Task: Please return the records below exactly as they appear, leaving every picture out.

[Source data]
'''
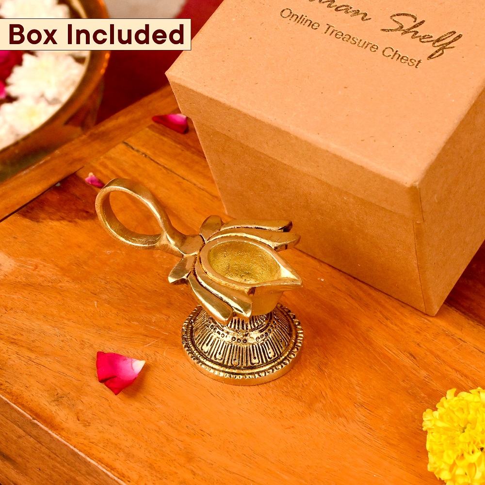 Light up your sacred spaces with the Brass Lotus Shape Oil Lamp on Stand with Handle, a handcrafted diya that beautifully combines devotion and artistry. Designed in the graceful form of a blooming lotus, this diya reflects purity and spiritual awakening. The sturdy brass stand ensures stability, while the easy-to-hold handle makes it functional and traditional at the same time. With its golden polish and intricate detailing, it’s an elegant centerpiece for daily puja rituals and festive celebrations.
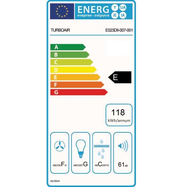 Kaminska kuhinjska napa Turboair za montažo na steno z mehanskim upravljanjem preko gumbov dosega maksimalen pretok zraka do 368 m3/h in ima možnost izbire med tremi stopnjami zmogljivosti. Odlikuje jo sodobno minimalistični dizajn, ki sovpada v vsako kuhinjsko pohištvo. Kljub večji zmogljivosti čiščenja zraka je zagotovljeno tiho delovanje, napa pa je nepogrešljiv aparat za ohranjanje svežega zraka v kuhinji. Poleg vzdrževanja optimalnega zraka je tudi dodaten vir osvetlitve kuhališča in delovne površine, za kar poskrbita dve 20 W halogenski žarnici. Kuhinjska napa sodi v energijski razred E.
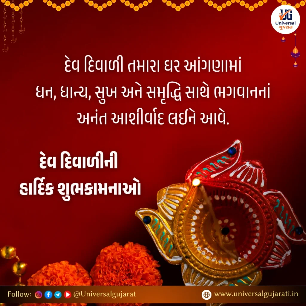 આ દેવ દિવાળી આપના જીવનમાં ધન-ધાન્ય, સુખ-શાંતિ, સમૃદ્ધિ તથા અનંત દેવશક્તિના આશિષ લઈને આવે તેવી અભ્યર્થના.!
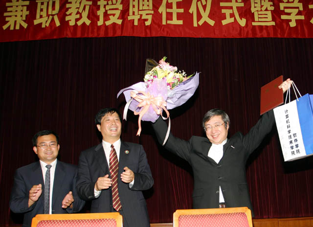 兼职教授仪式由人事处处长于倩教授主持,计算机学院副院长贾云得教授介绍了许博士的科学成就。
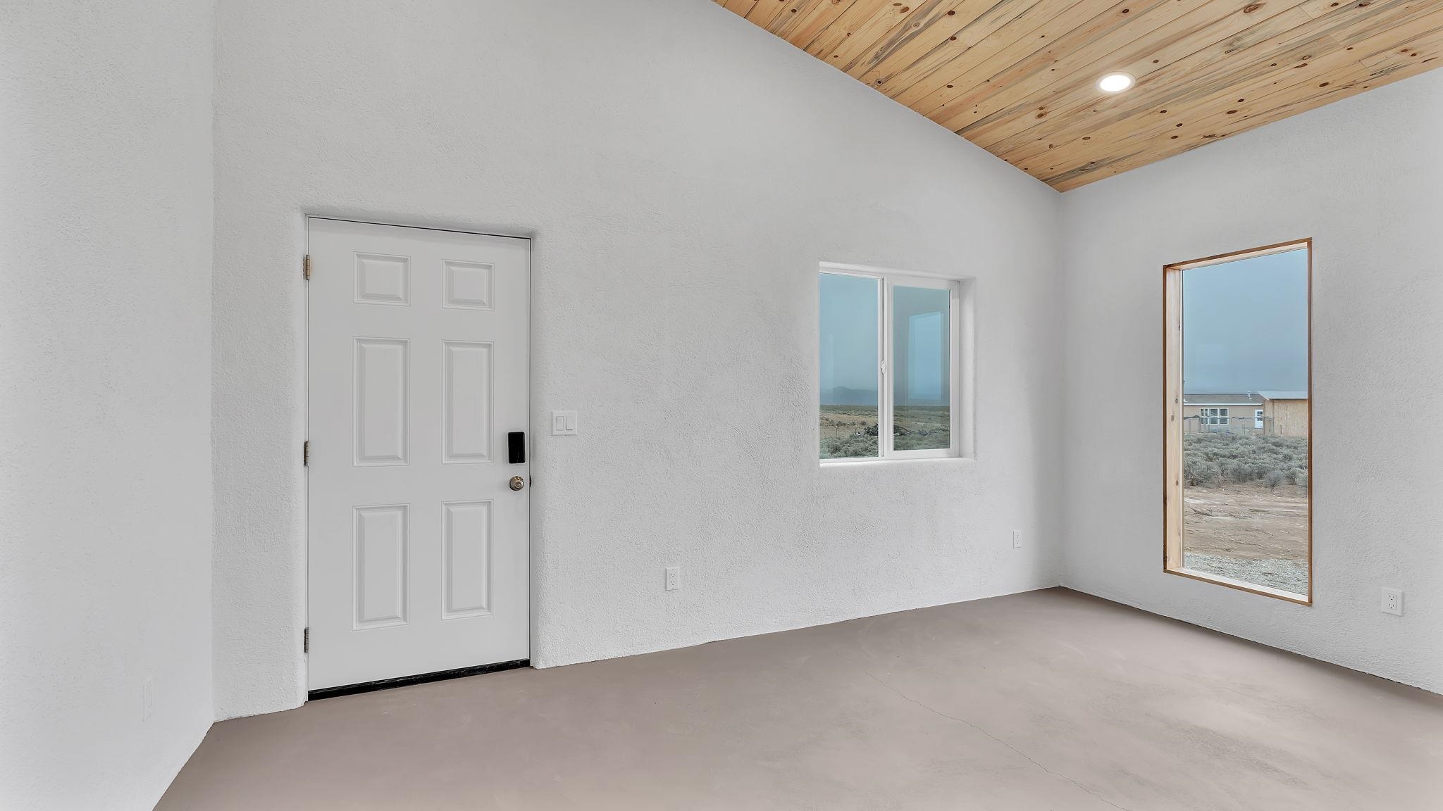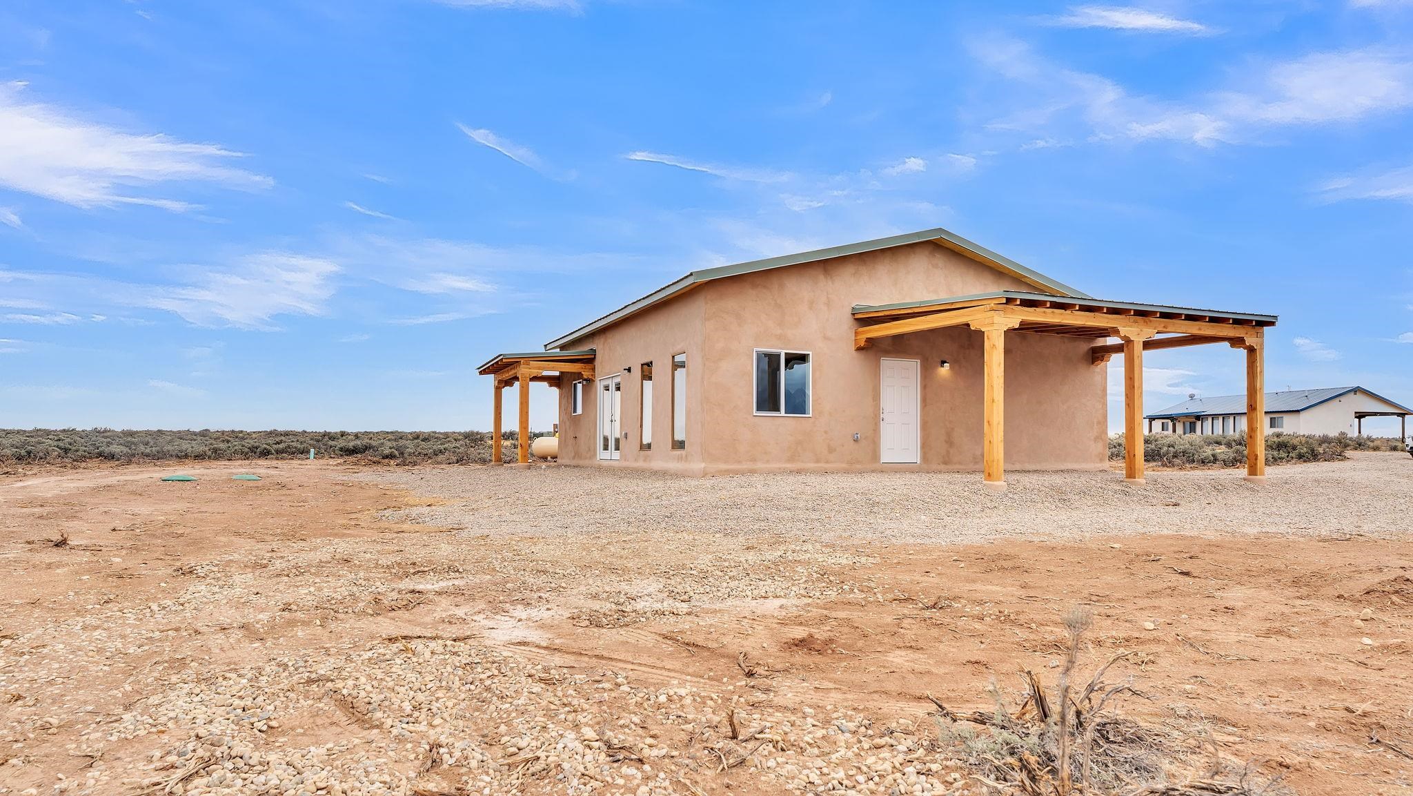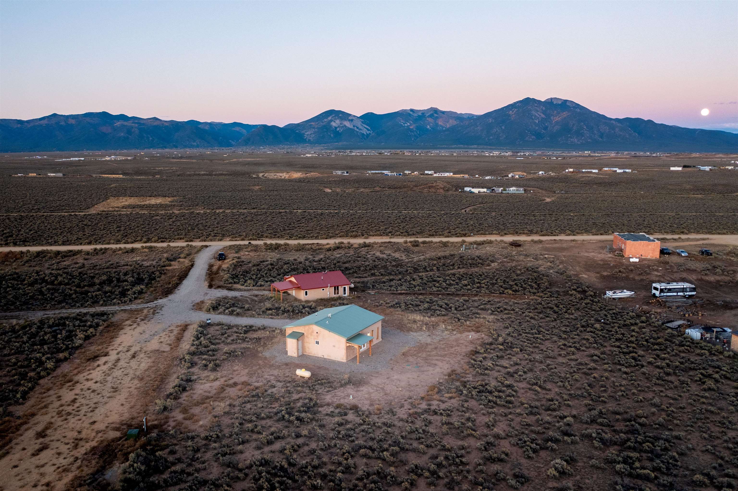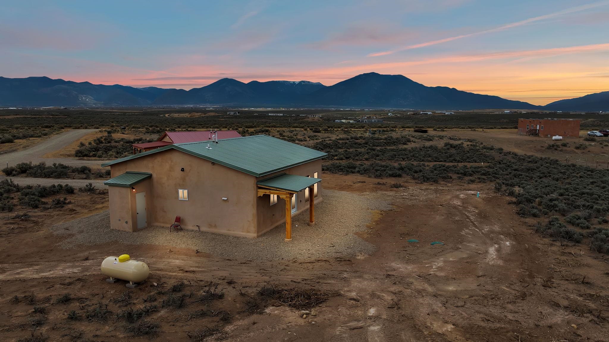 Magical Sunsets & Mountain Views Daily ~ Welcome to the third, extra special, and sustainable residence within the newly developed Taeo Loop Neighborhood of El Prado, Taos, New Mexico. This freshly finished 2 bed 2 bath 1,088 sqft home on 1 acre is a rare find in this sought after growing region of town. The construction is top-tier, and the home is ahead of the rest when it comes to the possibilities for saving on energy, and saving the planet being that infrastructure is in place for converting to solar if one desires. In the meantime, the solar room could be used as extra storage. The open floor plan is highly functional, and it's as if the home is double the size with the high vaulted ceiling in the living area and spacious shiny kitchen equipped with upgraded stainless steel kitchen appliances. Each of the bedrooms are large enough for big beds, the bathrooms are comfortable and sleek, and the laundry room with a full-size washer & dryer and extra storage ideal for keeping things organized. Some of the home's special features include tongue & groove ceilings, South facing floor-to-ceiling windows bring in solar passive energy throughout the day, keep the home well lit, and will be a popular place for growing tomatoes inside. The stained concrete floors make the on-demand hot water radiant heated floors extra efficient, and a steady breeze enhanced by the overhead ceiling fans promotes even greater climate control. The attached carport will make for a short trip indoors during the snowy season, and the pitched metal roof will require very little maintenance over time..As for the views, these simply cannot be beat, especially at sunset, sunrise, or a lunar/solar eclipse in the High Desert. Close proximity and outlet to Taos Ski Valley, the Rio Grande River, and all the trails for outdoor fun. Some photos have been virtually staged. Don't wait, and get in early on this newly built home, in the lovely Taeo Loop Neighborhood!
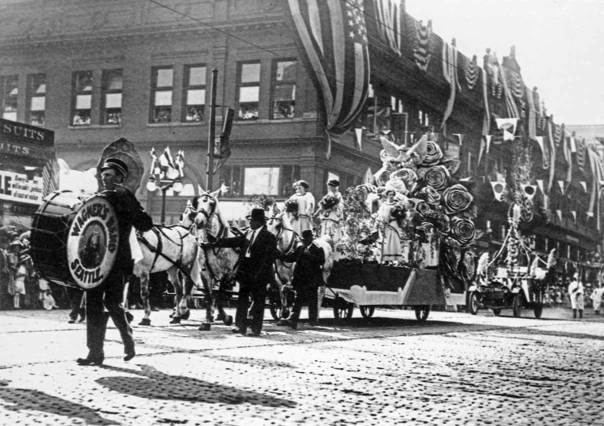 z-Potlatch-Parade-flower-float-Madison-2nd-w-Drummer-Wagner’s-band-web June 12, 2016 1200 × 846 Seattle Now & Then: Music at Commercial and Main
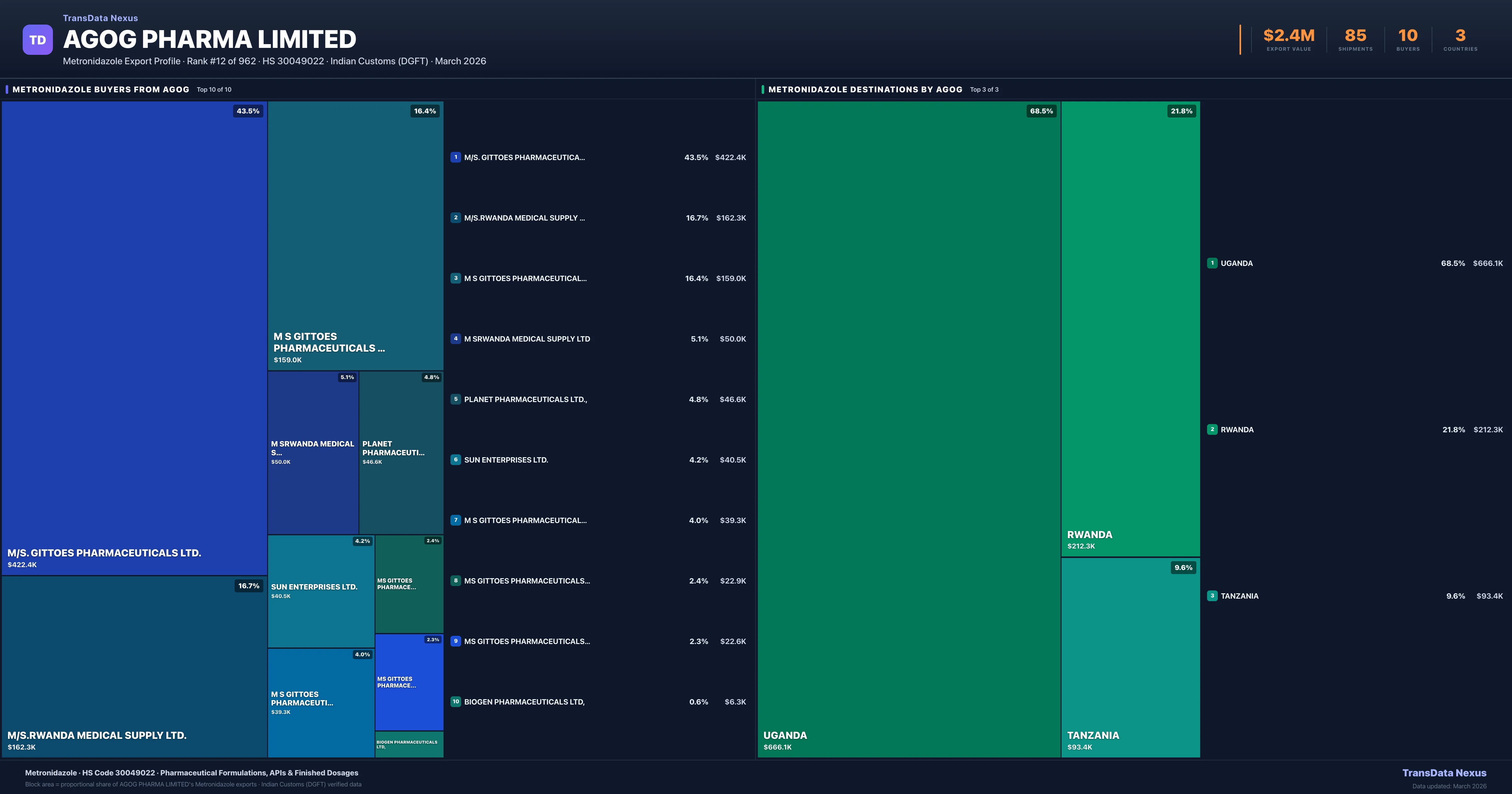 Agog Pharma Limited's average Metronidazole shipment value is $28.5K per consignment, based on 85 shipments totaling $2.4M. The largest destination is UGANDA (68.5% of Agog Pharma Limited's Metronidazole exports).
'''
Written answer:
 Light up your sacred spaces with the Brass Lotus Shape Oil Lamp on Stand with Handle, a handcrafted diya that beautifully combines devotion and artistry. Designed in the graceful form of a blooming lotus, this diya reflects purity and spiritual awakening. The sturdy brass stand ensures stability, while the easy-to-hold handle makes it functional and traditional at the same time. With its golden polish and intricate detailing, it’s an elegant centerpiece for daily puja rituals and festive celebrations.
 Kaminska kuhinjska napa Turboair za montažo na steno z mehanskim upravljanjem preko gumbov dosega maksimalen pretok zraka do 368 m3/h in ima možnost izbire med tremi stopnjami zmogljivosti. Odlikuje jo sodobno minimalistični dizajn, ki sovpada v vsako kuhinjsko pohištvo. Kljub večji zmogljivosti čiščenja zraka je zagotovljeno tiho delovanje, napa pa je nepogrešljiv aparat za ohranjanje svežega zraka v kuhinji. Poleg vzdrževanja optimalnega zraka je tudi dodaten vir osvetlitve kuhališča in delovne površine, za kar poskrbita dve 20 W halogenski žarnici. Kuhinjska napa sodi v energijski razred E.
 આ દેવ દિવાળી આપના જીવનમાં ધન-ધાન્ય, સુખ-શાંતિ, સમૃદ્ધિ તથા અનંત દેવશક્તિના આશિષ લઈને આવે તેવી અભ્યર્થના.!
 兼职教授仪式由人事处处长于倩教授主持,计算机学院副院长贾云得教授介绍了许博士的科学成就。
 Magical Sunsets & Mountain Views Daily ~ Welcome to the third, extra special, and sustainable residence within the newly developed Taeo Loop Neighborhood of El Prado, Taos, New Mexico. This freshly finished 2 bed 2 bath 1,088 sqft home on 1 acre is a rare find in this sought after growing region of town. The construction is top-tier, and the home is ahead of the rest when it comes to the possibilities for saving on energy, and saving the planet being that infrastructure is in place for converting to solar if one desires. In the meantime, the solar room could be used as extra storage. The open floor plan is highly functional, and it's as if the home is double the size with the high vaulted ceiling in the living area and spacious shiny kitchen equipped with upgraded stainless steel kitchen appliances. Each of the bedrooms are large enough for big beds, the bathrooms are comfortable and sleek, and the laundry room with a full-size washer & dryer and extra storage ideal for keeping things organized. Some of the home's special features include tongue & groove ceilings, South facing floor-to-ceiling windows bring in solar passive energy throughout the day, keep the home well lit, and will be a popular place for growing tomatoes inside. The stained concrete floors make the on-demand hot water radiant heated floors extra efficient, and a steady breeze enhanced by the overhead ceiling fans promotes even greater climate control. The attached carport will make for a short trip indoors during the snowy season, and the pitched metal roof will require very little maintenance over time..As for the views, these simply cannot be beat, especially at sunset, sunrise, or a lunar/solar eclipse in the High Desert. Close proximity and outlet to Taos Ski Valley, the Rio Grande River, and all the trails for outdoor fun. Some photos have been virtually staged. Don't wait, and get in early on this newly built home, in the lovely Taeo Loop Neighborhood!
 z-Potlatch-Parade-flower-float-Madison-2nd-w-Drummer-Wagner’s-band-web June 12, 2016 1200 × 846 Seattle Now & Then: Music at Commercial and Main
 Agog Pharma Limited's average Metronidazole shipment value is $28.5K per consignment, based on 85 shipments totaling $2.4M. The largest destination is UGANDA (68.5% of Agog Pharma Limited's Metronidazole exports).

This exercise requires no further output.